Totals: VMAX VX8 scores 38, TURBOANT X7 Max scores 11.
Based on the scoring, the VMAX VX8 is our overall winner. As a daily riding partner, the VMAX VX8 simply feels more sorted: it pulls harder, rides calmer, shrugs off bad weather and carries itself with a premium solidity that makes every trip a little bit more satisfying. The TURBOANT X7 Max fights back bravely on price and practicality and absolutely earns its place in the value segment, but it never quite shakes the sense of being a clever compromise.

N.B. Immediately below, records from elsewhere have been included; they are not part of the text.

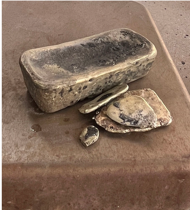
Figure 1: Doré poured at GGPP on 3 December 2025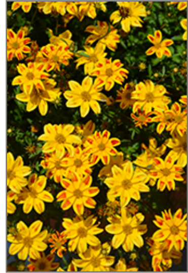
Beedance Red Stripe Bidens flowers

Beedance Red Stripe Bidens is recommended for the following landscape applications;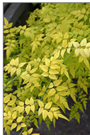
Fiona Sunrise Jasmine foliage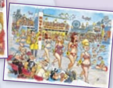
Wasgij Destiny 9 - Super Models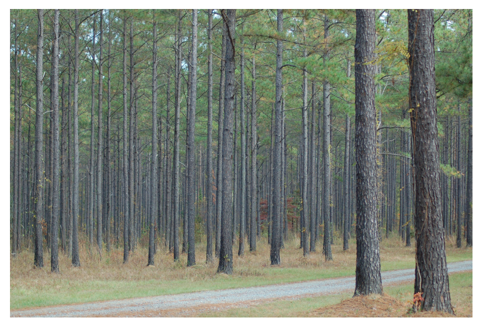
A family-owned pine plantation in central Georgia.

The forestry and forest products industry substantially impacts the combined economy of the 13 states1 in the southern region. Not only does forestry have significant direct impacts to the economy, but these industries, through purchase of various goods and services, create more activity and impact other sectors of the economy. These impacts amount to more than $230 billion in total industry output, nearly $90 billion in value-added services. almost $50 billion in wages and salaries, and more than a million jobs.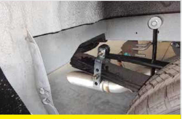
REAR SUPERSPRINGS SHACKLE IN CORRECT POSITION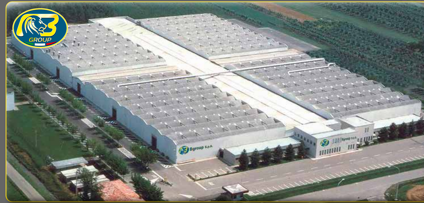
Imola (Bologna) - Sede principale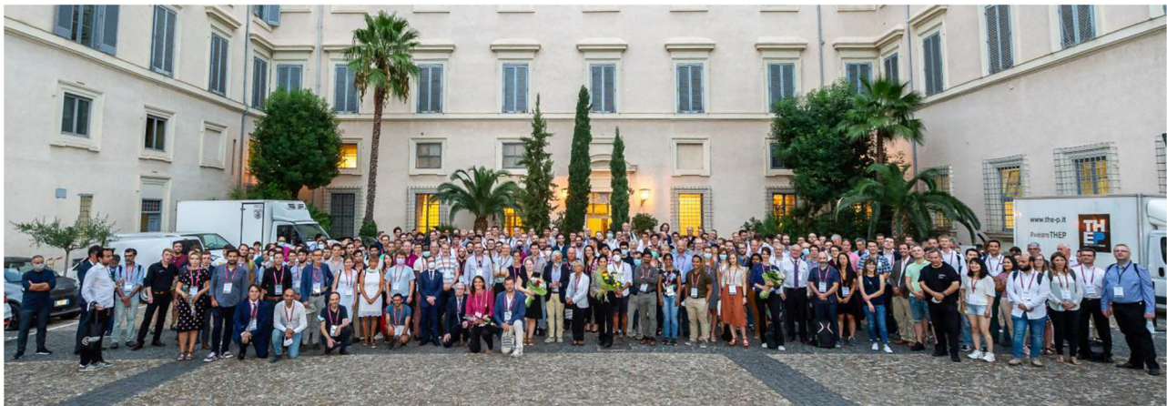
EOSAM was one of the few conferences which had a chance for on-site meetings in 2021. It was held at the University La Sapienza in Rome, Italy.

Check out the detailed schedule and more information at eosam2022.org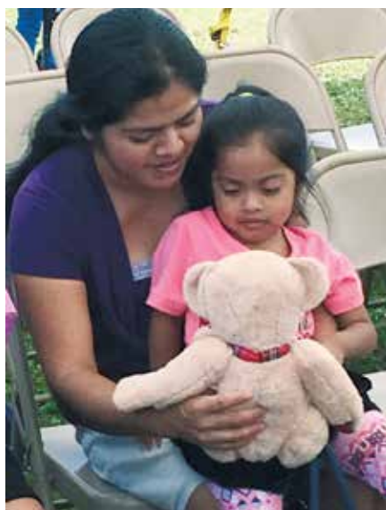
A mother shares in the joy of a new toy with her child.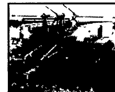
B 24499 1993 Great Plains 30' NT Drill, 3" Press Wheels, 48x7 5" Spacing, New Openers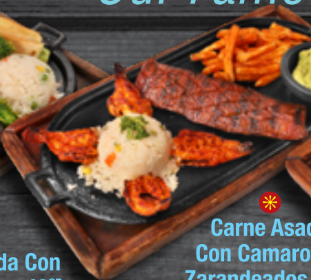
* Carne Asada Con Camarones Zarandeados 45 95 Char-broiled steak with your choice of: grilled shrimp or butter-garlic sauce shrimp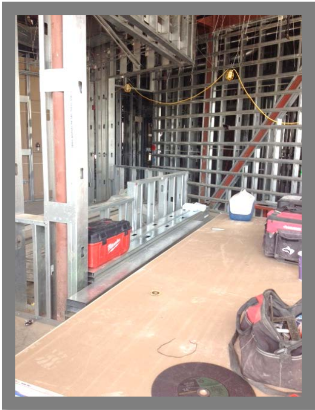
Dental Hygiene - Registration Desk

I recently had the opportunity to view the progress of the Dental Hygiene Building and the renovation of Condor Hall. Here's a few pictures you might enjoy.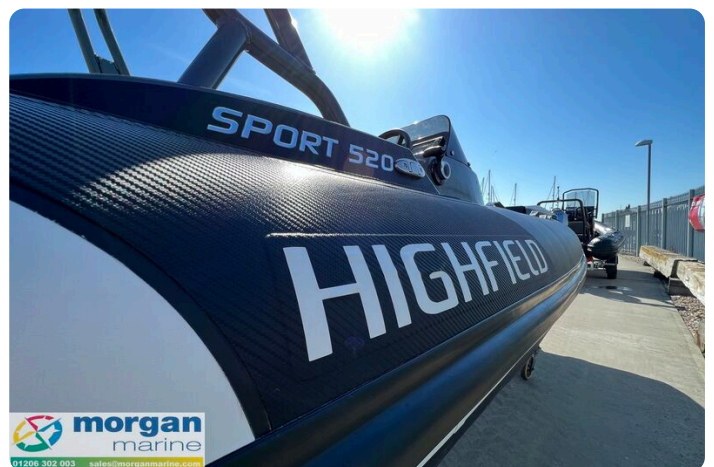
Highfield Sport 520 aluminium RIB - decals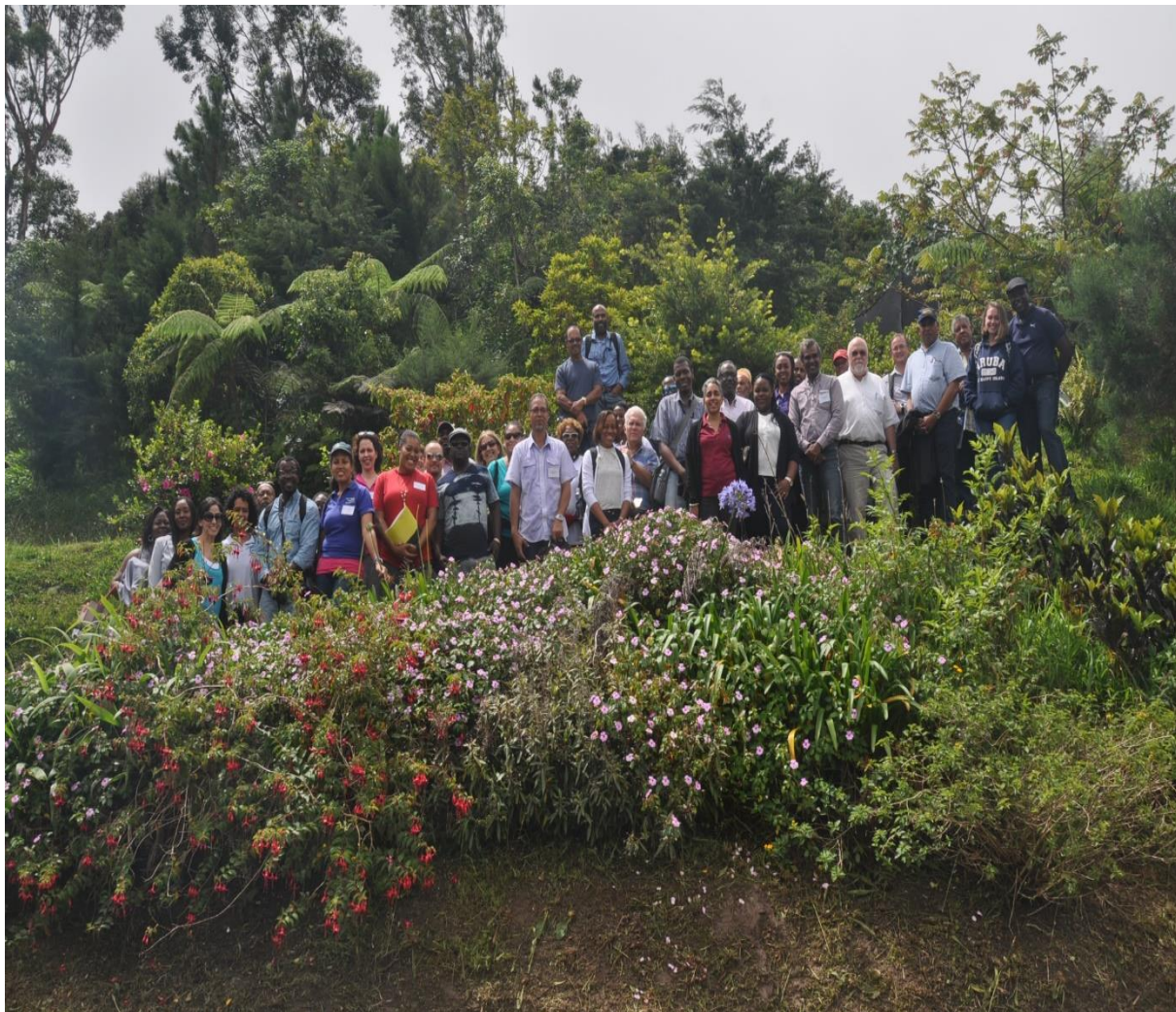
Participants pose for group photo at Holywell, during their visit there

29-31 May 2017: The Regional Symposium Workshop “Rallying for the Protection of Culture and Heritage in SIDS under a sustainable 21st century climate change programme” considers SIDS of the Caribbean region and the impacts of Climate Change and the urgent need to highlight its potential negative effects on heritage in all its forms, with specific emphasis on World Heritage. The meeting utilized the Blue and John Crow Mountains, the Caribbean’s only mixed (cultural and natural values) World Heritage property, as a case study for discussing the potential effects of climate change on both the natural and cultural values of the property. Funding was from the UNESCO Participation Programme, the UNESCO Kingston Cluster Office for the Caribbean, which granted USD 20,000 to facilitate participation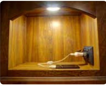
11. BEDROOM CELLPHONE CHARGING STATION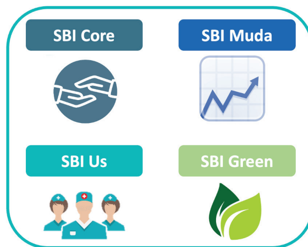
Figure 1. Four Focus areas of the Safe Brain Initiative

However, these outcomes are often monitored sporadically or superficially, neglecting the crucial need for continuous quality enhancement and precision in anaesthesia care. 10 When the assimilation of individual and local patient outcome data is omitted, healthcare professionals forfeit a realistic appraisal of their individual or departmental methodologies' efficacy. Moreover, the lack of structured, anonymous individual feedback deviates from the primary goal of anaesthesia: prioritising patient well-being. Developing comprehensive evaluation and feedback systems to address these issues is imperative, paving the way for effective learning trajectories and promoting sustained quality improvement. 11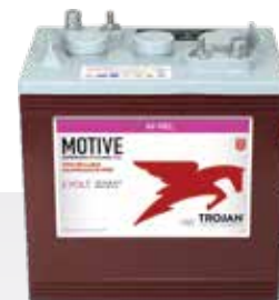
MOTIVE 6-VOLT GEL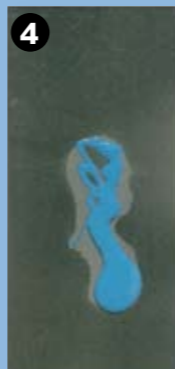
4 Water underneath the coating is completely excluded enabling a dry substrate for excellent adhesion.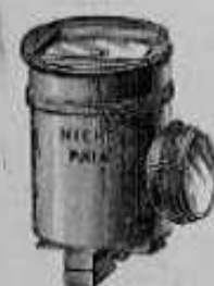
No. 7 View Finder.

With circular body, and square concave lens; ground bubble; very sensitive.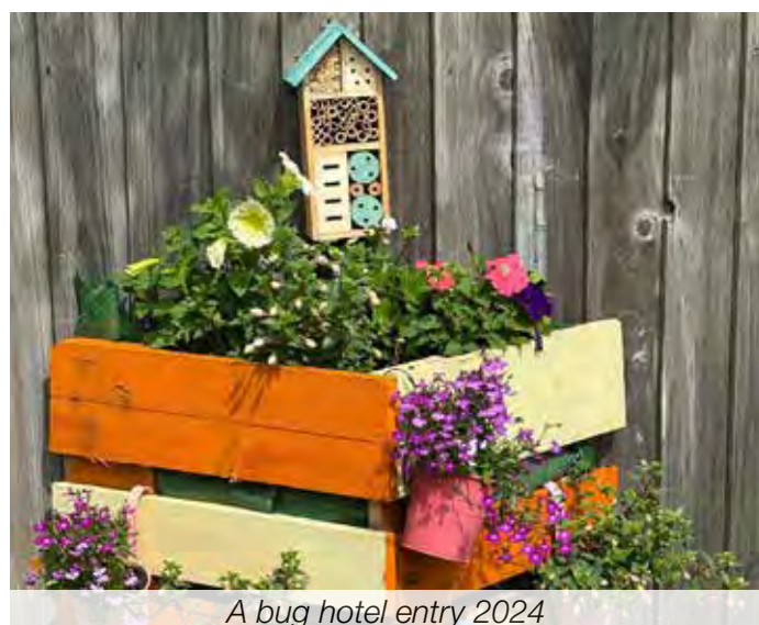
A bug hotel entry 2024

If you can justify the investment, the VX8 is the scooter you grow into rather than grow out of; the X7 Max is the scooter that gets you moving cheaply, while quietly reminding you where corners were cut to hit that price.
That's our verdict when we try to stay objective – but hey, riding is mostly about emotions anyway, so pick the one that will make you look forward to your commute every single day.